A mid-size payments company runs its authorization core — a dozen Linux app servers and two Windows license-bound appliances — on EC2 in us-east-1. The audit finding that started this project was blunt: the documented DR plan was “restore from AMIs,” nobody had timed it, and the last attempt took eleven hours because the AMIs were three weeks stale. The mandate is now a contractual RTO of 60 minutes and RPO of seconds for the authorization path, proven by a non-disruptive drill every quarter. AWS Elastic Disaster Recovery (DRS) is the right tool: it does continuous, block-level, asynchronous replication of whole servers into a low-cost staging area in a second Region, and it orchestrates booting production-grade instances from that replicated data on demand — then fails you back when the primary Region returns. This guide walks the full loop end to end: install the agent, watch replication go healthy, run a drill, run a real recovery, and fail back cleanly, with the wiring an enterprise actually needs around it.
Prerequisites
- Two AWS Regions chosen and fixed for this guide: source
us-east-1, recovery/targetus-west-2. DRS is initialized per-Region in the target. - A target VPC in
us-west-2with private subnets, route tables, and security groups already provisioned (we create them with Terraform below). A staging subnet in the target Region for the lightweight replication servers. - AWS CLI v2 ≥ 2.15 with the
drscommand set, andjq. Confirm withaws drs help. - IAM rights to create the DRS service roles, plus an operator role allowed to call
drs:*for drills and recovery. - Outbound TCP 1500 from each source server to the staging subnet, and TCP 443 to the DRS and S3 endpoints (or VPC endpoints for a private path).

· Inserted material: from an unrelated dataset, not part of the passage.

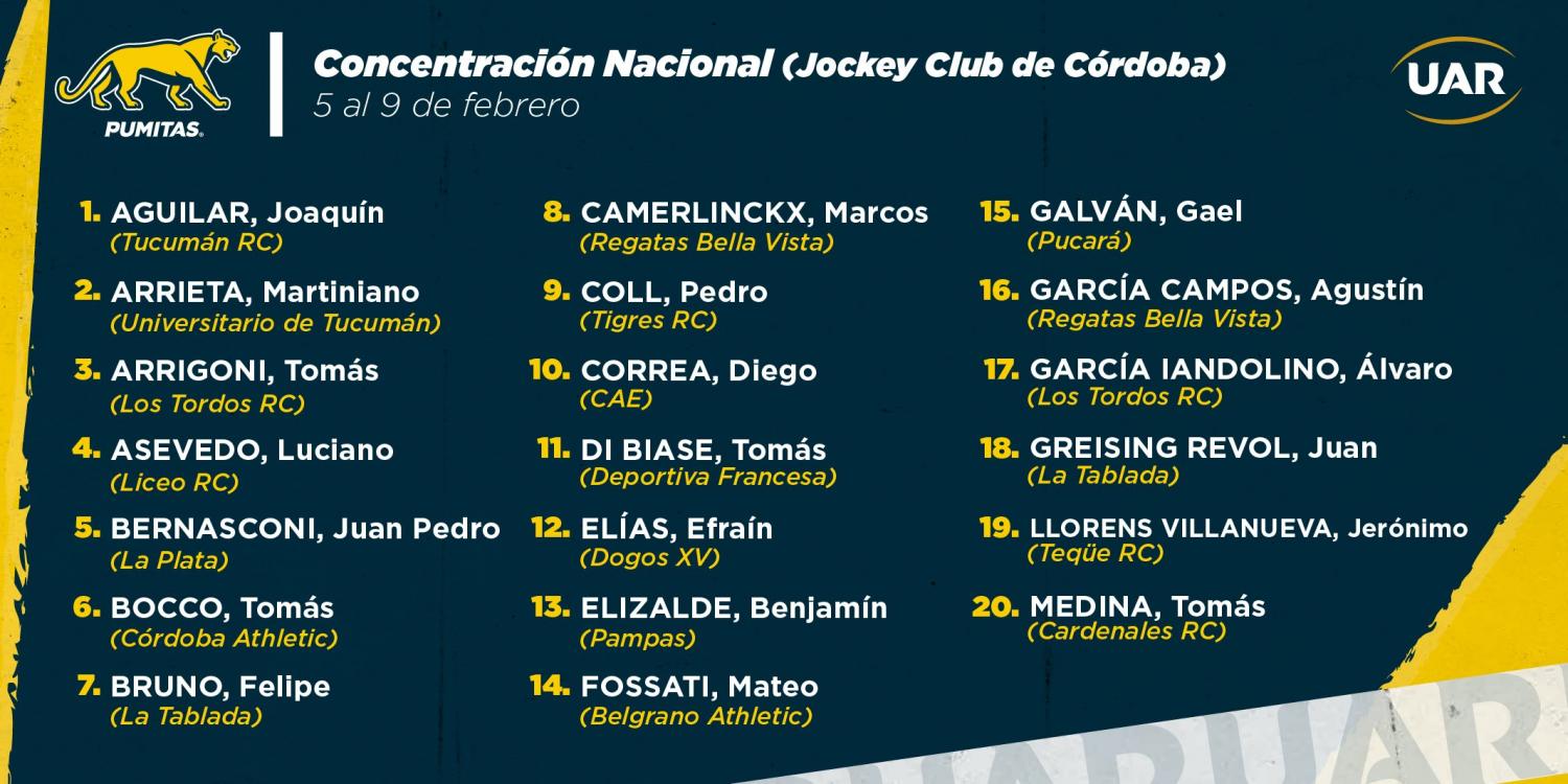 Dentro del listado de cuarenta jugadores que designó Alvaro Galindo, tenemos a cuatro tucumanos presentes, que vienen de formar parte de los equipos nacionales que participaron del sudamericano M-18 y M-19 del año pasado (en ambos, Los Pumitas fueron campeones). Entre los presentes, tenemos a: Joaquín Aguilar, tercera línea de Tucumán Rugby, Martiniano Arrieta, fullback de Universitario, Tomás Medina, centro de Cardenales, y Rafael O'gorman, win de Tucumán Rugby. Además, forma parte de la convocatoria el centro salteño Pedro Coll, de Tigres de Salta.

- Root/Administrator on each source server to install the AWS Replication Agent.
- A change-management hook in ServiceNow for the recovery runbook, and HashiCorp Vault available to issue the short-lived installer credentials (we never bake a long-lived key into a server).
Target topology
The shape is deliberately simple, which is what makes it auditable. In us-east-1 the production fleet runs normally; on each server an AWS Replication Agent reads every disk block and streams changes asynchronously across the Region boundary. In us-west-2 DRS maintains a staging area — a small subnet of cheap t3 replication servers plus low-cost EBS volumes that hold a continuously-updated copy of every source disk. Nothing production-grade runs there until you ask: on drill or recovery, DRS launches full-size recovery instances from the latest (or a chosen point-in-time) snapshot into your real target subnets, behind the same security groups and, in a real cutover, the same DNS. Akamai Global Traffic Management sits in front as the authoritative failover DNS — health-checking the us-east-1 origin and steering the authorization hostname to the us-west-2 recovery instances when the primary is declared down — so clients move Regions without a config change. Dynatrace OneAgent is baked into every source server’s image, so a launched recovery instance is monitored from first boot with zero extra steps. The two Windows virtual appliances (license-bound vendor software) replicate exactly the same way DRS treats any server as a block device, which is precisely why DRS beats an AMI strategy for appliances you cannot rebuild from a script.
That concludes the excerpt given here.